Any avid filmgoer is aware of that movies that purport to be “primarily based on a real story” must be taken with giant grains of salt, as filmmakers typically take many dramatic liberties so as to match their imaginative and prescient. However there are different movies that insert fictional characters into main real-life occasions, like Titanic, to make use of that historical past because the backdrop for a very completely different type of story.
That latter strategy is what’s on show in Fly Me to the Moon, which is ready across the occasions main as much as the Apollo 11 moon touchdown in 1969. Nevertheless, save for the three Apollo 11 astronauts, no person portrayed within the movie is actual. As an alternative, it facilities round straight-laced NASA Flight Director Cole Davis (Channing Tatum), whose inflexible preparations are upended when a lackey for President Nixon, Moe Berkus (Woody Harrelson), hires a brash and extremely efficient PR individual, Kelly Jones (Scarlett Johansson), to promote the house mission to a skeptical public and Congress.
Jones pulls out all of the stops to make the billions NASA is spending extra interesting, together with hiring actors to make use of as stand-ins for directors in interviews, having the astronauts promote every thing from high-end watches to Tang, and sweet-talking some reluctant U.S. senators (together with one performed by Johansson’s real-life husband, Colin Jost).
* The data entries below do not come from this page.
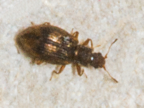 This one was suctioned from my lawn. Duff describes this species (and Cartodere satelles) as having "Elytra without noticeable elevations in the posteror half." To my eyes at least one elytral interval is pretty obviously elevated so it would be easy to get confused here. Having said that Duff also describes Cartodere nodifer (the one that should have noticeable elevations) as being unicoloured which this very clearly isn't.
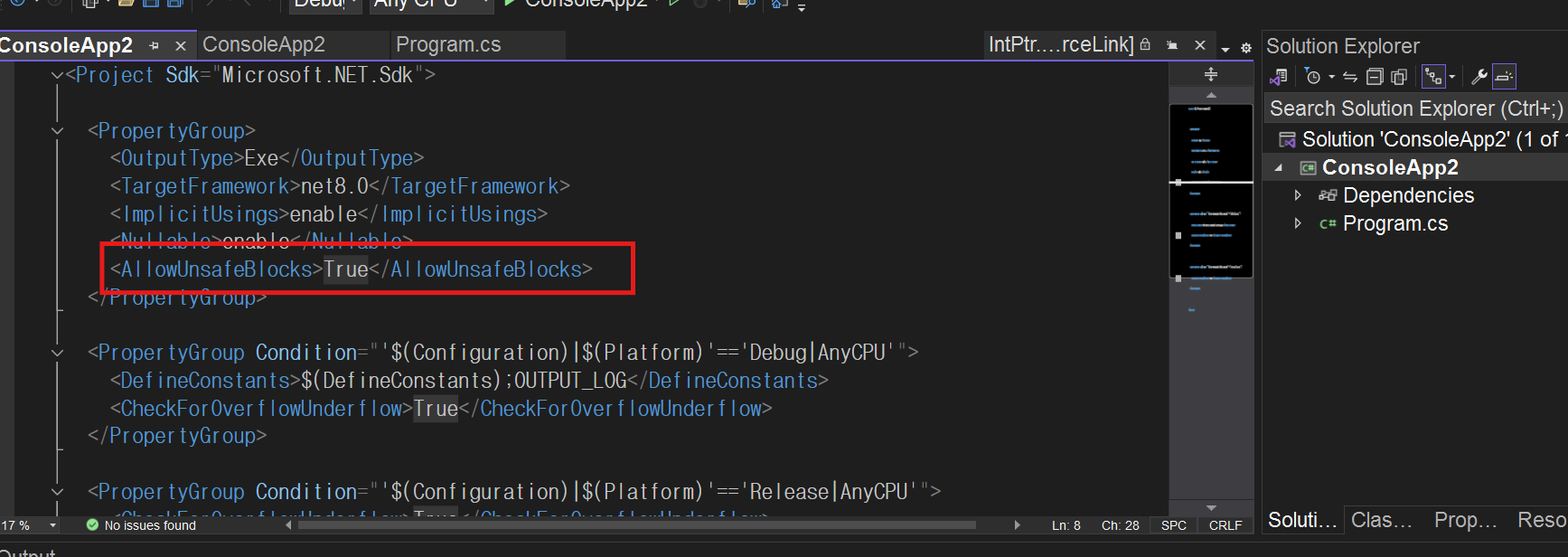 C# 철학: "unsafe는 네가 위험을 감수하겠다는 뜻이니, 컴파일러는 간섭 안 함" 그래서 **CS8500은 '명백한 문제지만 실행 가능은 하다'**라는 중간 단계인 경고로 처리되는 거예요.
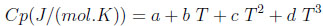 The constants a, b, c and d for the two gases are listed in Table 3.
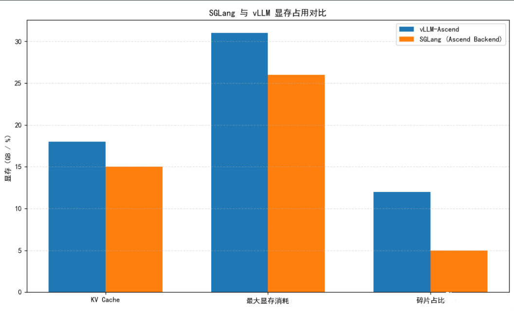 图:SGLang 与 vLLM-Ascend 的显存占用与碎片率对比。SGLang 的显存复用策略更优,在大批量推理和长时间服务中具有更稳定表现。
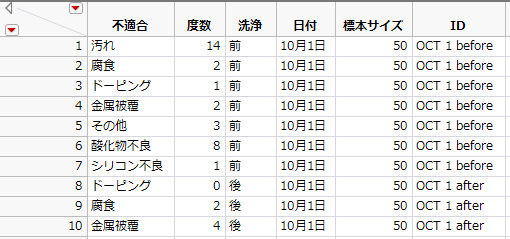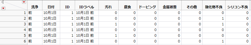 「Failure3ID.jmp」のデータは、バッチにおける1つの不適合ごとに1つの行となっており、各不適合の種類を示す列と、バッチのIDを示す列で構成されています。
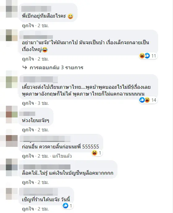 แต่ที่ดุเดือดไม่แพ้กันเห็นจะเป็นทางฝั่งคอมเมนต์ใต้โพสต์ของหนุ่มเป๊ก ที่ปั่นจัดไม่แพ้ต้นทางเลยทีเดียว ทั้ง ‘อย่ามา”นะจ๊ะ”ให้มันมากไป มันจะเป็นบ้า เรื่องเล็กจะกลายเป็นเรื่องใหญ่?’, ‘เดี๋ยวจะส่งไปเรียนภาษาไทย….พูดบ้าพูดบออะไรไม่มีรุ้เรื่องเลย พูดภาษาอังกฤษก็ไม่ได้ พูดภาษาไทยก็ไม่แตกฉานนนนนน’, ‘เอาจริงๆถ้า ไม่มีลิ้นนี้คืออาจฟังรู้เรื่องกว่านี้ไหม ไม่รู้จะโทษลิ้นหรือสมองดี’, ‘วุฒิภาวะของคนเป็นผู้นำนี่สำคัญจริงๆ’
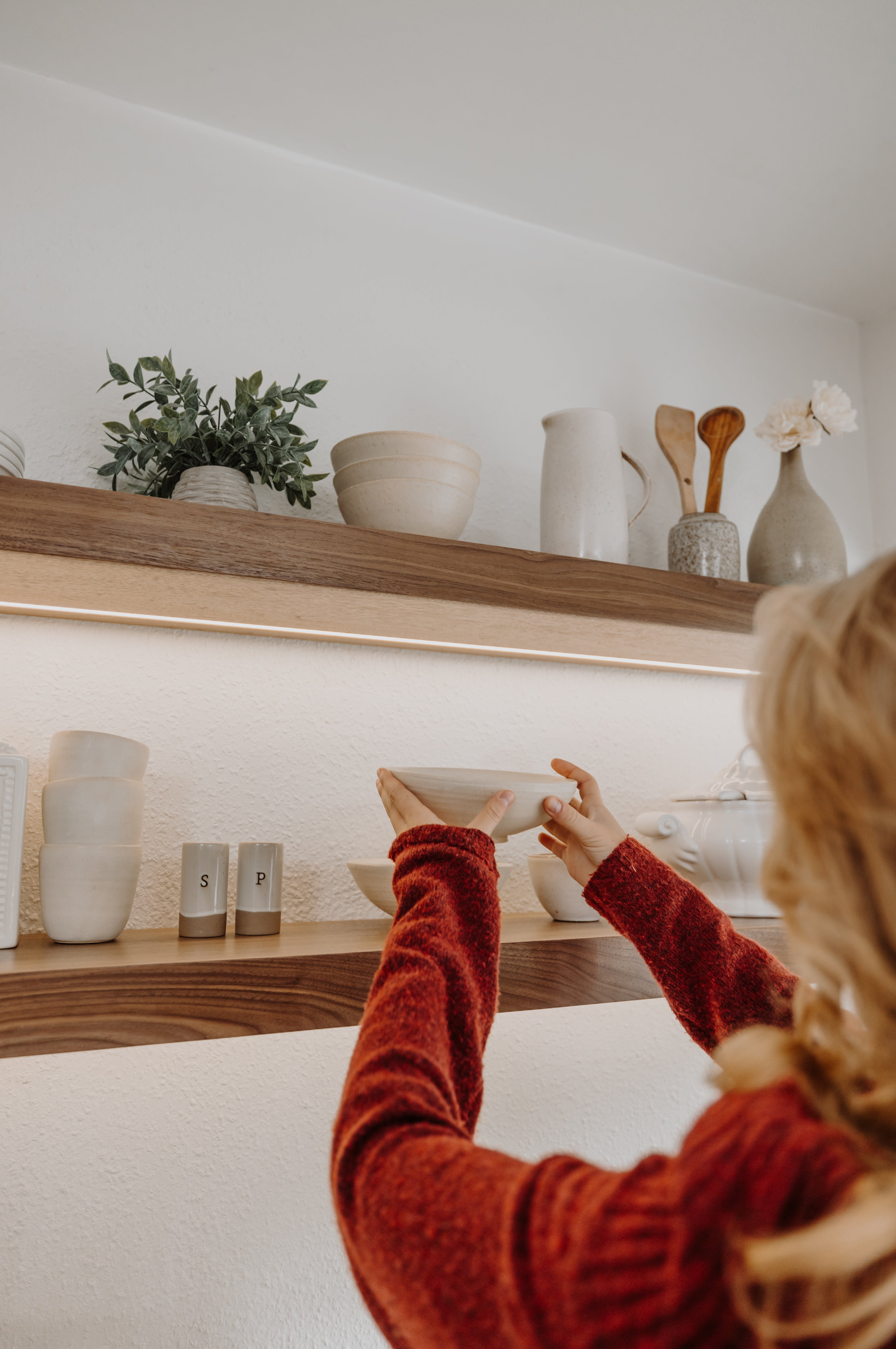 Make your kitchen, living room, or bedroom stunning with our handmade LED light walnut floating shelves. They are not just shelves—everything is a masterpiece. Each produces a modern light that enhances your space, uniting functionality and mood in the most beautiful way.
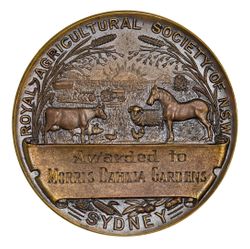 ROYAL AGRICULTURAL SOCIETY OF N.S.W.,ROYAL Easter Show, 1937, in bronze (54mm) by Stokes, Melbourne, inscribed on reverse, 'Awarded to/Morris Dahlia Gardens'; South Australian Chamber of Manufacturers Incorporated, All Australian Peace Exhibition, 1920, in bronze (51mm), inscribed on rev. 'Awarded to / Miss Pegg Clarke / Photography / Enlargements'; RHS Affiliated Societies, Ponoma Floral Medal, in bronze (48mm), South Australian Carnation, Daffodil, and Sweat Pea Society, reverse inscribed 'Awarded / to / C,E, Tamlin / For grand champion / Carnation of Show / 1957'. In original Stokes & Sons Pty Ltd fitted case, this with foxing and scuffing, medal toned uncirculated; nearly uncirculated; traces of mint red, uncirculated. (3)
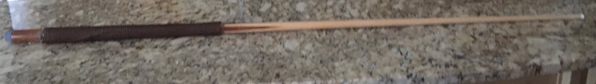 Here’s my break cue. A Dufferin ‘High Run’ I bought for less than $50 and wrapped myself with brown paracord.
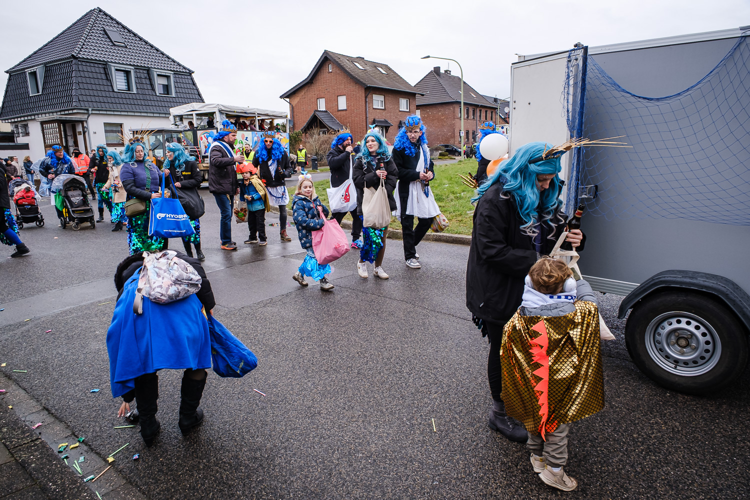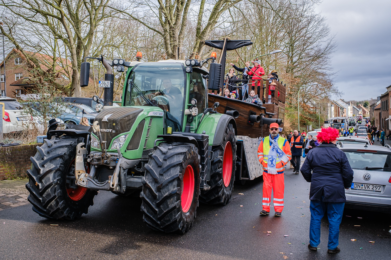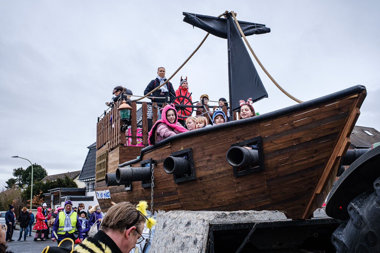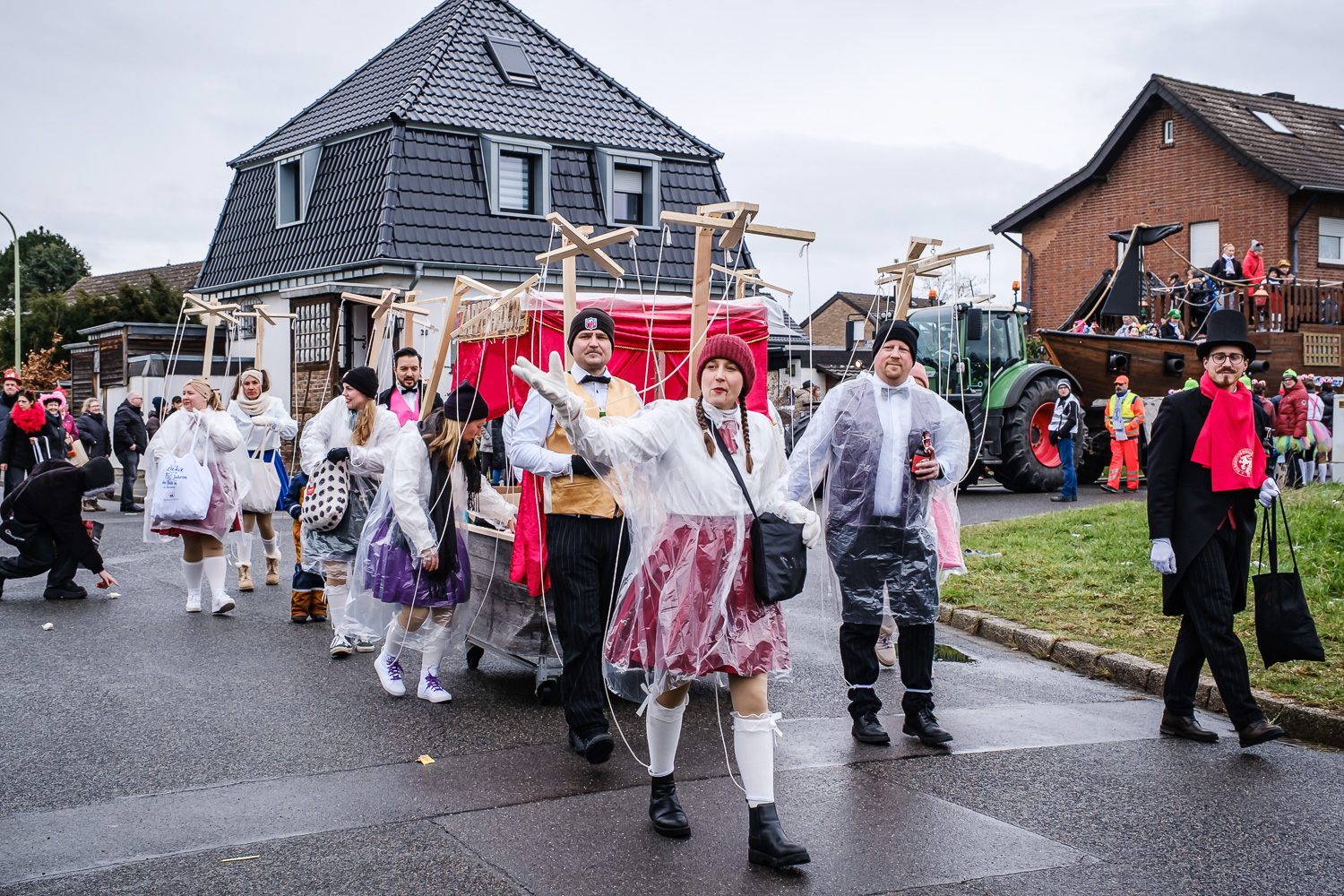 Der närrische Lindwurm zog gut gelaunt trotz frostiger Temperaturen durch Stetternich. Das Dörfchen schwelgte in den Vereinsfarben ergänzt durch bunte Fußgruppen: Von TicTac, Schachfiguren, eine Football-Mannschaft, Meeresmajestäten und eine großartige Fußgruppe, die sich als Marionetten kostümiert hatten, reichten die jecken Verkleidungen. Den Abschluss bildete wie stets das närrische Treiben im Festzelt Auf der Klause.

However a requirement by Berkus that Jones organize for the filming of a faux moon touchdown as a contingency in case of failure for the actual one could also be a step too far for even Jones.
Directed by Greg Berlanti and written by Rose Gilroy, the movie has its fair proportion of charms, however these begin to put on off because the movie goes alongside. Jones and her assistant, Ruby (Anna Garcia), make for a enjoyable pair as they run roughshod over quite a lot of folks to get what they need. Likewise, Davis and his crew, which incorporates Henry Smalls (Ray Romano), are an amiable bunch whose baffled reactions to Jones’ work are entertaining in a refreshingly non-sexist manner.
However the fictional story regularly bumps up towards the actual historical past it’s depicting. The concept of the primary moon touchdown being faked has been a conspiracy principle just about from the time it occurred, in order that a part of the movie works the very best, particularly because it options the prima donna director Lance Vespertine (Jim Rash). However lots of the different segments really feel off, particularly when the movie returns a number of instances to the anguish of Davis — once more, a fictional character — over the deaths of the actual Apollo 1 astronauts in a hearth.
Berlanti and his staff attempt to maintain issues gentle, and the goofiness of the core NASA characters we’re proven — which incorporates the very younger Stu Bryce (Donald Elise Watkins) and Don Harper (Noah Robbins) — together with the semi-romance that develops between Jones and Davis helps them obtain gentle success in that division. However the far-fetched nature of a number of the plot factors, together with an important last-minute twist, too typically counteract these components.
The profitable personalities of each Johansson and Tatum make their performances good ones general, even when they each appear barely miscast. Harrelson all the time makes for slimeball, so he works nicely in his function. The supporting forged is what actually retains the movie afloat, although, as Romano, Garcia, Rash, Watkins, Robbins, and extra come out and in of the story seamlessly.
Fly Me to the Moon is a dramedy that shouldn’t be confused in any manner, form, or type with precise historical past. When it sticks to wholly invented scenes, it makes for an gratifying watch, however when it begins to blur the traces between actual occasions and fiction, the movie loses the thread.
—
Fly Me to the Moon opens in theaters on July 12. It’s going to debut on Apple TV+ at a later date.